■ YOUR TASK
Extract word for word the lines of the listing from its start to the line holding "Your recurring use", both ends kept; pictures are not part of the copy.

Top of RECORDED DATA

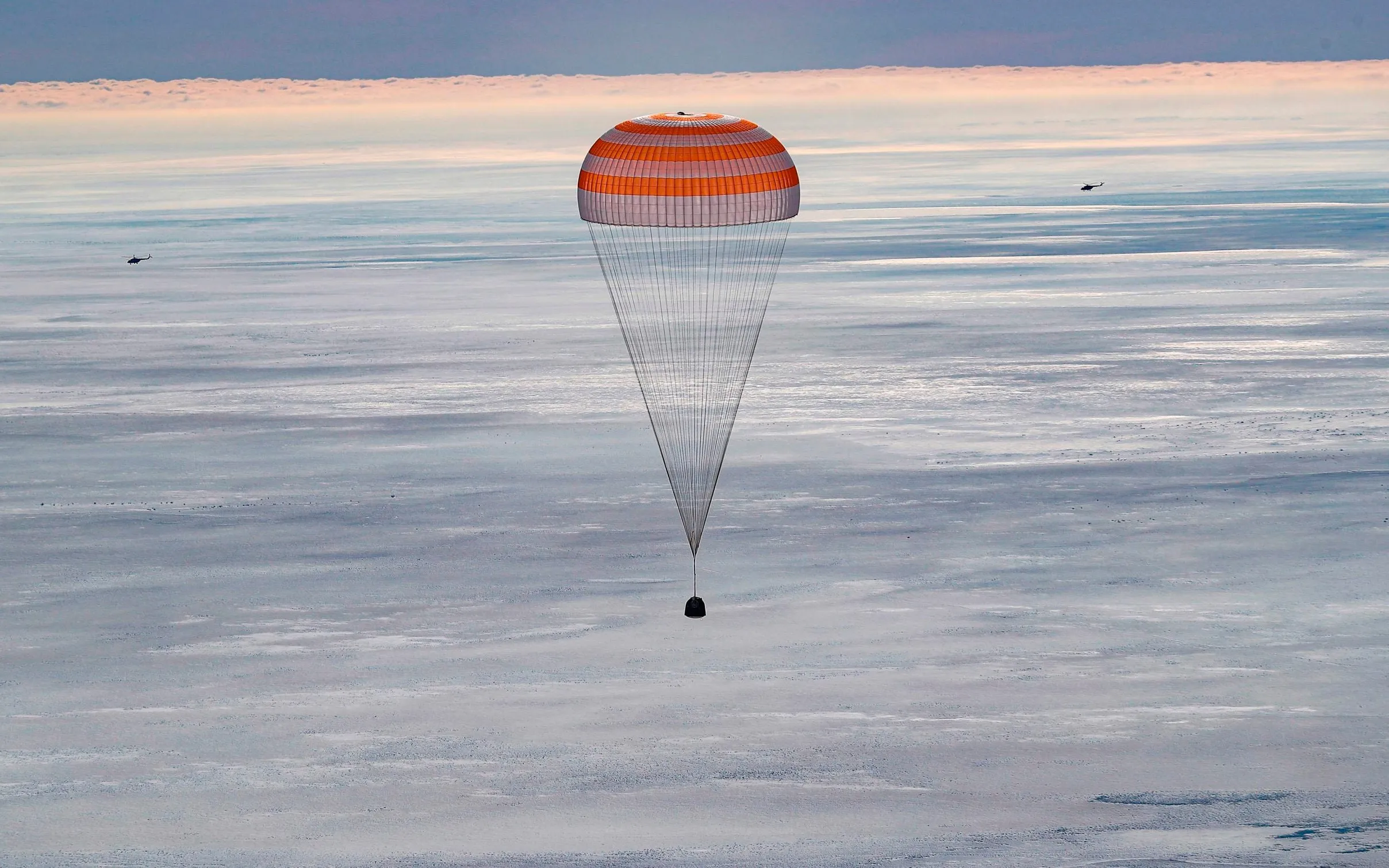 The Soyuz MS-13 capsule carrying the International Space Station (ISS) crew of NASA astronaut Christina Koch, Russian cosmonaut Alexander Skvortsov and Luca Parmitano of the European Space Agency, descends beneath a parachute before landing in a remote area outside the town of Dzhezkazgan (Zhezkazgan), Kazakhstan, on February 6, 2020. (Photo by Sergei Ilnitsky/Pool via AFP Photo)
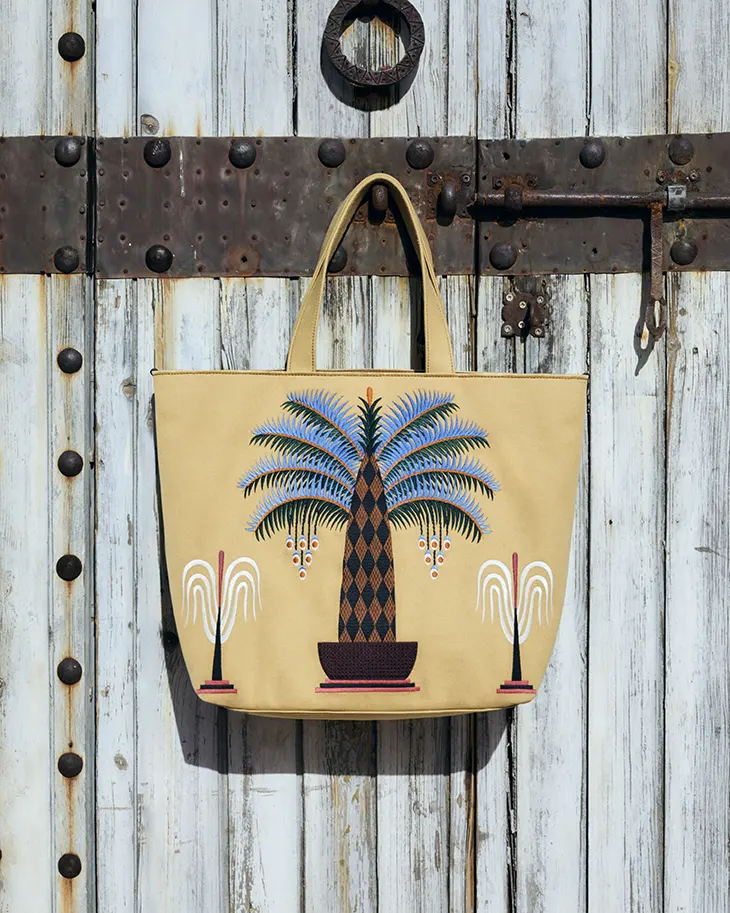 Your recurring use of botanical motifs feels especially resonant in this collection. What role do these organic forms play in your visual storytelling? – The botanical world is a constant source of inspiration—both for its pure aesthetic qualities and for the wealth of stories embedded in the landscapes around us. In this case, we started from Etro’s iconic paisley motif—an ancient decorative pattern, probably born as a wall or architectural ornament in Persia. It’s thought to represent a germinating date seed that grows into an intricate vegetal flourish. I imagined it as soil from which to grow a date palm—a recurring subject in my paintings—alongside aloe and cactus plants. All of these are deeply embedded in the landscapes of southern Italy, where both Marco and I are from, although they are native to other continents. These intersections fascinate and inspire me.
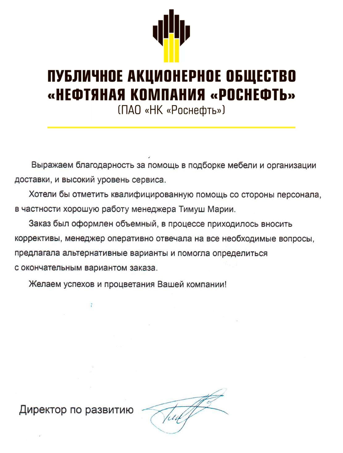 Выражаем благодарность за помощь в подборке мебели и организации доставки, и высокий уровень сервиса. Хотели бы отметить квалифицированную помощь со стороны персонала, в частности хорошую работу менеджера Тимуш Марии. Заказ был оформлен объемный, в процессе приходилось вносить коррективы, менеджер оперативно отвечала на все необходимые вопросы, предлагала альтернативные варианты и помогла определиться с окончательным вариантом заказа. Желаем успехов и процветания Вашей компании. www.rosneft.ru

Bottom of RECORDED DATA

■ EXERCISE RESPONSE
 The Soyuz MS-13 capsule carrying the International Space Station (ISS) crew of NASA astronaut Christina Koch, Russian cosmonaut Alexander Skvortsov and Luca Parmitano of the European Space Agency, descends beneath a parachute before landing in a remote area outside the town of Dzhezkazgan (Zhezkazgan), Kazakhstan, on February 6, 2020. (Photo by Sergei Ilnitsky/Pool via AFP Photo)
 Your recurring use of botanical motifs feels especially resonant in this collection. What role do these organic forms play in your visual storytelling? – The botanical world is a constant source of inspiration—both for its pure aesthetic qualities and for the wealth of stories embedded in the landscapes around us. In this case, we started from Etro’s iconic paisley motif—an ancient decorative pattern, probably born as a wall or architectural ornament in Persia. It’s thought to represent a germinating date seed that grows into an intricate vegetal flourish. I imagined it as soil from which to grow a date palm—a recurring subject in my paintings—alongside aloe and cactus plants. All of these are deeply embedded in the landscapes of southern Italy, where both Marco and I are from, although they are native to other continents. These intersections fascinate and inspire me.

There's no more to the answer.